Je crois que « Visages fardés » a fait l’objet d’une adaptation au cinéma. C’est cette histoire qui m’a le plus touchée surtout la fin. Su Tong a bien décrit les problèmes inhérents aux changements de mentalité amenés par le nouveau régime politique et l’impossibilité pour certaines femmes de s’y adapter.

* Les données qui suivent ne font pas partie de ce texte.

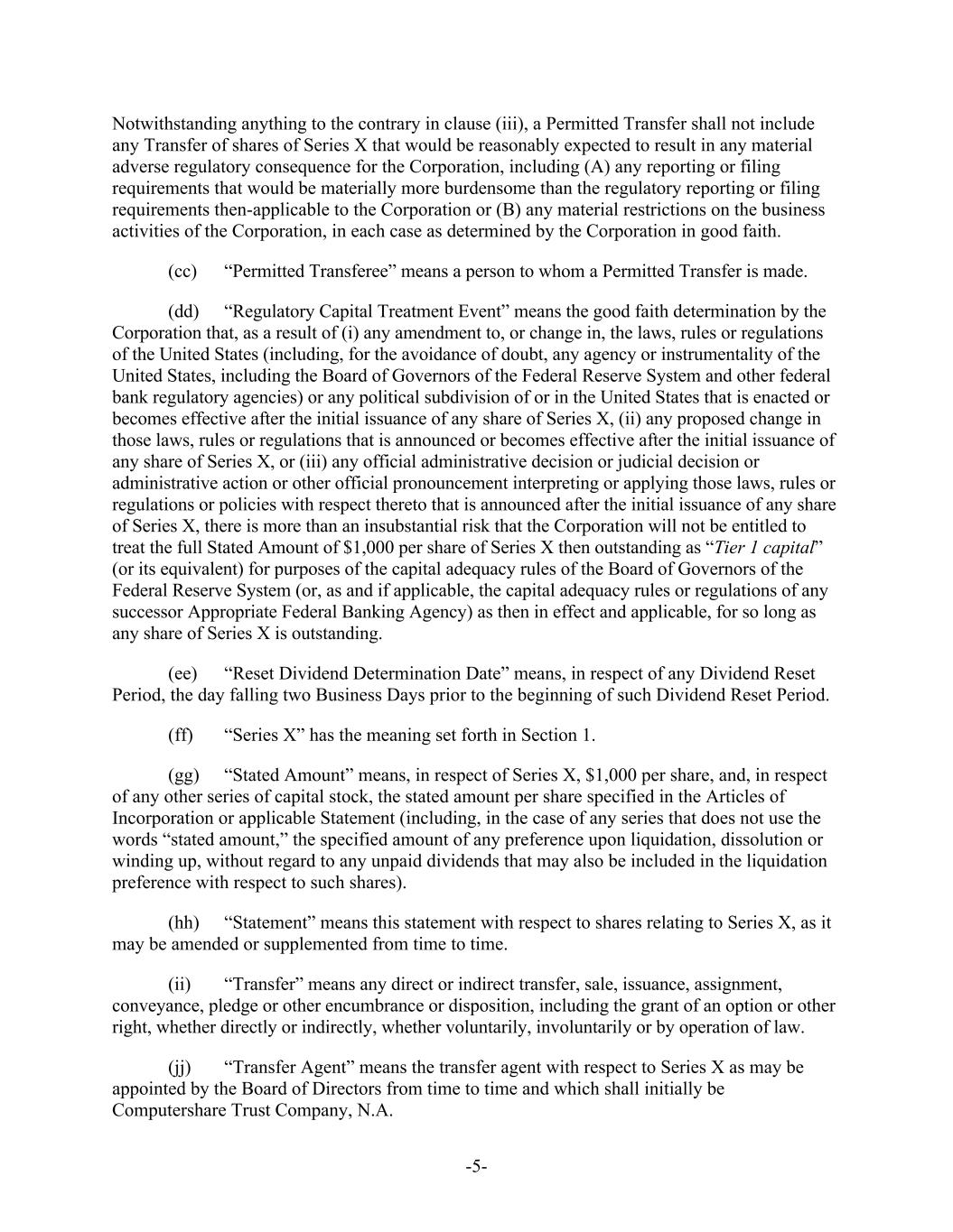 -5- Notwithstanding anything to the contrary in clause (iii), a Permitted Transfer shall not include any Transfer of shares of Series X that would be reasonably expected to result in any material adverse regulatory consequence for the Corporation, including (A) any reporting or filing requirements that would be materially more burdensome than the regulatory reporting or filing requirements then-applicable to the Corporation or (B) any material restrictions on the business activities of the Corporation, in each case as determined by the Corporation in good faith. (cc) “Permitted Transferee” means a person to whom a Permitted Transfer is made. (dd) “Regulatory Capital Treatment Event” means the good faith determination by the Corporation that, as a result of (i) any amendment to, or change in, the laws, rules or regulations of the United States (including, for the avoidance of doubt, any agency or instrumentality of the United States, including the Board of Governors of the Federal Reserve System and other federal bank regulatory agencies) or any political subdivision of or in the United States that is enacted or becomes effective after the initial issuance of any share of Series X, (ii) any proposed change in those laws, rules or regulations that is announced or becomes effective after the initial issuance of any share of Series X, or (iii) any official administrative decision or judicial decision or administrative action or other official pronouncement interpreting or applying those laws, rules or regulations or policies with respect thereto that is announced after the initial issuance of any share of Series X, there is more than an insubstantial risk that the Corporation will not be entitled to treat the full Stated Amount of $1,000 per share of Series X then outstanding as “Tier 1 capital” (or its equivalent) for purposes of the capital adequacy rules of the Board of Governors of the Federal Reserve System (or, as and if applicable, the capital adequacy rules or regulations of any successor Appropriate Federal Banking Agency) as then in effect and applicable, for so long as any share of Series X is outstanding. (ee) “Reset Dividend Determination Date” means, in respect of any Dividend Reset Period, the day falling two Business Days prior to the beginning of such Dividend Reset Period. (ff) “Series X” has the meaning set forth in Section 1. (gg) “Stated Amount” means, in respect of Series X, $1,000 per share, and, in respect of any other series of capital stock, the stated amount per share specified in the Articles of Incorporation or applicable Statement (including, in the case of any series that does not use the words “stated amount,” the specified amount of any preference upon liquidation, dissolution or winding up, without regard to any unpaid dividends that may also be included in the liquidation preference with respect to such shares). (hh) “Statement” means this statement with respect to shares relating to Series X, as it may be amended or supplemented from time to time. (ii) “Transfer” means any direct or indirect transfer, sale, issuance, assignment, conveyance, pledge or other encumbrance or disposition, including the grant of an option or other right, whether directly or indirectly, whether voluntarily, involuntarily or by operation of law. (jj) “Transfer Agent” means the transfer agent with respect to Series X as may be appointed by the Board of Directors from time to time and which shall initially be Computershare Trust Company, N.A.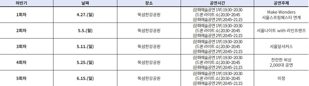 [2025 한강 불빛 공연] 드론 라이트 쇼 assa72 सन्देश 7 महिना पहिले पठित संख्या 563 Follow 2025 한강 불빛 공연(드론 라이트 쇼) □ 행사개요 ㅇ 행 사 명 : 2025 한강 불빛 공연(드론 라이트 쇼) 상반기 행사 ㅇ 일 시 : ’25. 4~5월 중 총 5회 ※ 예비일 6.22.(일) 편성 ㅇ 행사장소 : 뚝섬한강공원(수변무대) ㅇ 이용방법 : 현장 방문(무료 공연) ㅇ 행사내용 : 문화예술공연 및 드론 1,200대를 활용한 드론 라이트 쇼 개최 assa72 सन्देश Follow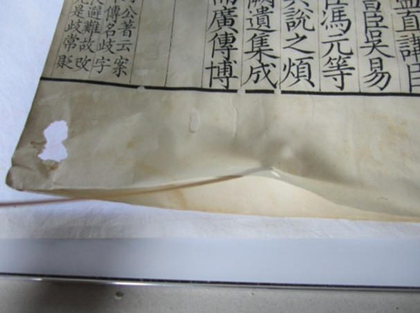 关于"天禄琳琅"的修复,据记载,自其建立后,清宫曾多次对其进行维护,如修补、装帧等。从《军机处镘副奏折》记载中我们发现,大的修复有多次。如道光元年(1821),有关大臣奉命点查昭仁殿"天禄琳琅"藏书,凡属破损虫蛀者统送武英殿修书处修补装潢。此次共修补、装帧书籍187部、3541册(3)。另外,同治十三年(1874)正月起,清宫又对包括昭仁殿、毓庆宫、懋勤殿等多处宫廷藏书进行了清点修缮。此次修书一直持续到光绪二十三年(1897年)(4)。同时,据缪荃孙《琉璃厂书肆后记》记载,穆宗重装"天禄琳琅"时,遇内府修缮不及时,还将宫中藏书发交宫外书肆重新装潢(5)。但据《故宫善本书目》之"凡例"记载,这些被送到民间书肆重装之书"工料俗劣",与乾嘉时之古雅悦目相去甚远(6)。观察前人对"天禄琳琅"的修复,以《春秋经传集解》《孟子音义》《班马字类》为例,我们发现,前人采取的为"连补带衬"修复手法。所谓"连补带衬",就是把糨糊涂抹在书叶背面破损处,之后取一张与书叶大小一致的纸与书叶背面相粘。采用此种方法修复后的古籍毎一次展阍,其书叶破损与衬纸连接位置都会产生摩擦,而每一次的摩擦所产生的力对书叶都是致命的,最后的结果是书叶破损位置周边与书叶脱离并断裂,形成新的破损。故我一直认为,"连补带衬"是不可取的,用此种方法对古籍的修复实际是一种破坏性的修复,不利于古籍的使用,对保存与流传也极为不利。细观前人对以上三部珍籍的修复,我们还发现,前人所使用的糨糊大都极为黏稠,疑为胶与糨糊的混合物,且糨糊堆积严重,造成局部收缩,使修复后的书叶极不平整,纸的柔韧性也发生了变化。那么对此类书如何修比较恰当呢?前些时读到一篇文章,是台北故宫博物院高宜君先生写的《善本古籍的保存修护——以清宫天禄琳琅藏书〈渊颖吴先生集〉为例》一文(7)。此文主要介绍了对"天禄琳琅"藏书《渊颖吴先生集》一书的修复过程。巧的是此书也是经前人修复过,手法也是"连补带衬"。高宜君先生在文中认为:"此一补纸方式可能因收缩不均造成书叶不平整的状态,故在此次的修护中亦将旧衬纸移除"。文中又介绍,为了保证"修护后的书本厚度要尽量与修复前一致,不宜过厚,所以在评估后决定使用质地细密,颜色适中的菠萝宣(一种用台湾当地菠萝树皮为原料抄制的纸张)做为衬纸的原料"。由此我们得知,台湾同行对待前人的修复是将旧衬纸移除,而后使用台湾当地产菠萝宣作为新的衬纸。对于此种修复方法,我认为不合适。我以为,对待前人的修复,我们要区别对待。以此次修复《春秋经传集解》第八册为例,此书虽经前人以"连补带衬"手法修复过,但是糨糊的稀稠方面控制相对较好,故没有出现较明显的折皱现象,所以对本书的负面影响较小。故在修复此书时,这一部分并没有动,衹对新的破损书叶进行了揭开衬纸并对书叶进行修补。同时,对于揭下来的衬纸补好后重新放于原位。我以为,此种修复手法对保持书的原貌无疑是恰当的。(见图1—2)按以上思路我们完成了对此书三十二册的修复,从修复效果看,整体仍保留了修复前旧装的面貌。(见图3—4)![]()

« Au moment où elles grimpaient à bord du camion, celui-ci commençait déjà à s’ébranler dans un vrombissement de moteur. À son bord se trouvaient quinze ou seize prostituées, les unes debout, d’autres assises. Dans un coin s’entassaient quelques valises en cuir et des ballots. Qiuyi et Xiao’e demeurèrent à l’arrière, le regard tourné vers les fenêtres du Xihonglou où une petite culotte vert pâle flottait doucement dans le vent sur une perche de bambou. Xiao’e dit : « C’est moi qui l’ai oubliée là tout à l’heure, je me demande bien s’il va pleuvoir ou non ! » Qiuyi répondit : « Ne t’en soucie pas trop. Lorsque nous serons là-bas, qui sait s’ils nous laisseront revenir ! » (Visages fardés)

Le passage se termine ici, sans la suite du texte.